((

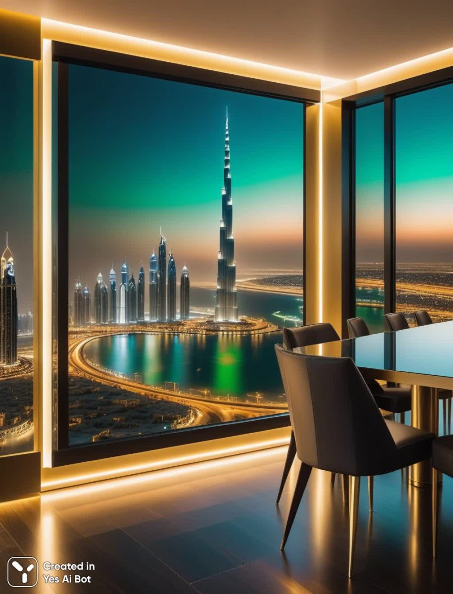 RIGHT SIDE (Cinematic Trailer): Show a stunning cinematic frame—golden hour sunset streaming through floor-to-ceiling windows of a Palm Jumeirah penthouse, atmospheric lighting, a champagne glass in foreground (lif...
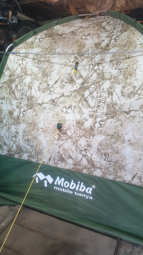 Наслаждаясь банным кайфом в кайфандре я все время ловил себя на мысли, что, сидя но полоке, с завистью смотрю на противоположную стенку. На ту, где печка и дверь... А все дело в том, что она более вертикальная что-ли, чем задняя. При установке палатки на все растяжки и особенно той, что на задней стенке у полока, сама стенка на переходе в курышу как бы деформируется вовнутрь. Уменьшая пространство над головой. На передней стенке такого эффекта нет по причине расклининной на трубе разделкой. Вооот в чем причина моей зависти. Ну а так как зависть - не хорошое чувство, надо от чувства избавляться. Традиционно покапавшись в гараже, нашел липучку и неумело пришпандорил к палатке. Еще надыбал остатки поломанного дверного каркаса от 332-й... Вот, что получилось. А вот так, если в штатном режиме Конечно, после этого К-5 не превратилась в МБ-15, но на несколько кубиков пространства стало больше и веником орудовать удобнее)
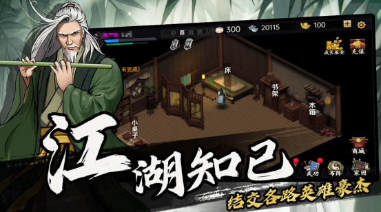 在起初大家只是一名江湖小虾米而已,在江湖世界中并没有特别高的知名度,更没有特别卓越的武功技能,但在逐渐探险各种精美场景,结识各路英雄的方式,成为真正的武侠英雄。各种绝世武功都可随意学习,而且将这些武功融合为一体的方式时,就能让自己成为无所不能的江湖英雄,数百位优秀的江湖豪侠都可成为你的合作好伙伴,一起在江湖上称雄称霸。
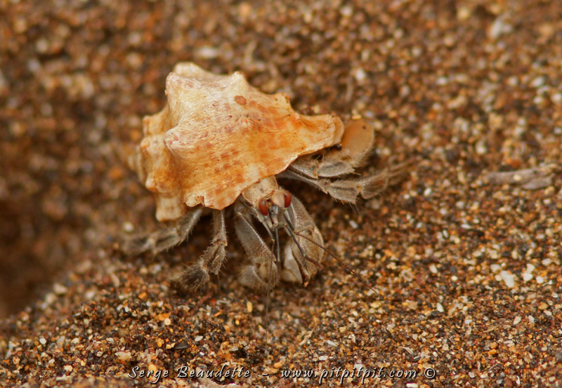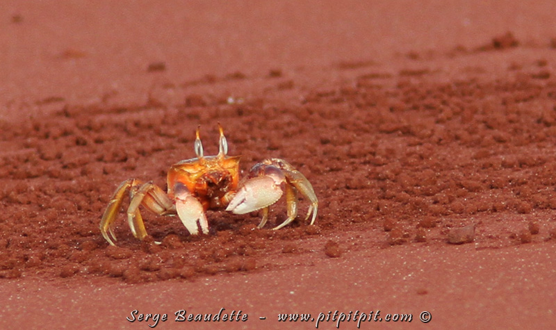 Une autre espèce de crabe nous fascinera un long moment: le «Ghost Crab» (Crabe fantôme)! …Fantôme parce que malgré sa grande taille, dès que nous approchons un tant soit peu, il disparaît subitement, en un éclair, dans son trou! Ses yeux se trouvent tout au bout de longs appendices, qui servent de «périscope»!
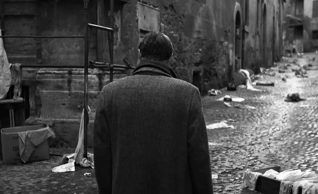 Отчуждение и одиночество показаны через фигуру Горчакова, который смотрит спиной к зрителю, что создает ощущение отстраненности и одиночества. Его внутренний голос, звучащий на фоне его неподвижной фигуры, символизирует постоянный внутренний диалог, который не приводит к примирению и спокойствию.

))

| About this task |
For this exercise, transcribe the entries verbatim and skip all pictures.

| Output for this exercise |
 RIGHT SIDE (Cinematic Trailer): Show a stunning cinematic frame—golden hour sunset streaming through floor-to-ceiling windows of a Palm Jumeirah penthouse, atmospheric lighting, a champagne glass in foreground (lif...
 Наслаждаясь банным кайфом в кайфандре я все время ловил себя на мысли, что, сидя но полоке, с завистью смотрю на противоположную стенку. На ту, где печка и дверь... А все дело в том, что она более вертикальная что-ли, чем задняя. При установке палатки на все растяжки и особенно той, что на задней стенке у полока, сама стенка на переходе в курышу как бы деформируется вовнутрь. Уменьшая пространство над головой. На передней стенке такого эффекта нет по причине расклининной на трубе разделкой. Вооот в чем причина моей зависти. Ну а так как зависть - не хорошое чувство, надо от чувства избавляться. Традиционно покапавшись в гараже, нашел липучку и неумело пришпандорил к палатке. Еще надыбал остатки поломанного дверного каркаса от 332-й... Вот, что получилось. А вот так, если в штатном режиме Конечно, после этого К-5 не превратилась в МБ-15, но на несколько кубиков пространства стало больше и веником орудовать удобнее)
 在起初大家只是一名江湖小虾米而已,在江湖世界中并没有特别高的知名度,更没有特别卓越的武功技能,但在逐渐探险各种精美场景,结识各路英雄的方式,成为真正的武侠英雄。各种绝世武功都可随意学习,而且将这些武功融合为一体的方式时,就能让自己成为无所不能的江湖英雄,数百位优秀的江湖豪侠都可成为你的合作好伙伴,一起在江湖上称雄称霸。
 Une autre espèce de crabe nous fascinera un long moment: le «Ghost Crab» (Crabe fantôme)! …Fantôme parce que malgré sa grande taille, dès que nous approchons un tant soit peu, il disparaît subitement, en un éclair, dans son trou! Ses yeux se trouvent tout au bout de longs appendices, qui servent de «périscope»!
 Отчуждение и одиночество показаны через фигуру Горчакова, который смотрит спиной к зрителю, что создает ощущение отстраненности и одиночества. Его внутренний голос, звучащий на фоне его неподвижной фигуры, символизирует постоянный внутренний диалог, который не приводит к примирению и спокойствию.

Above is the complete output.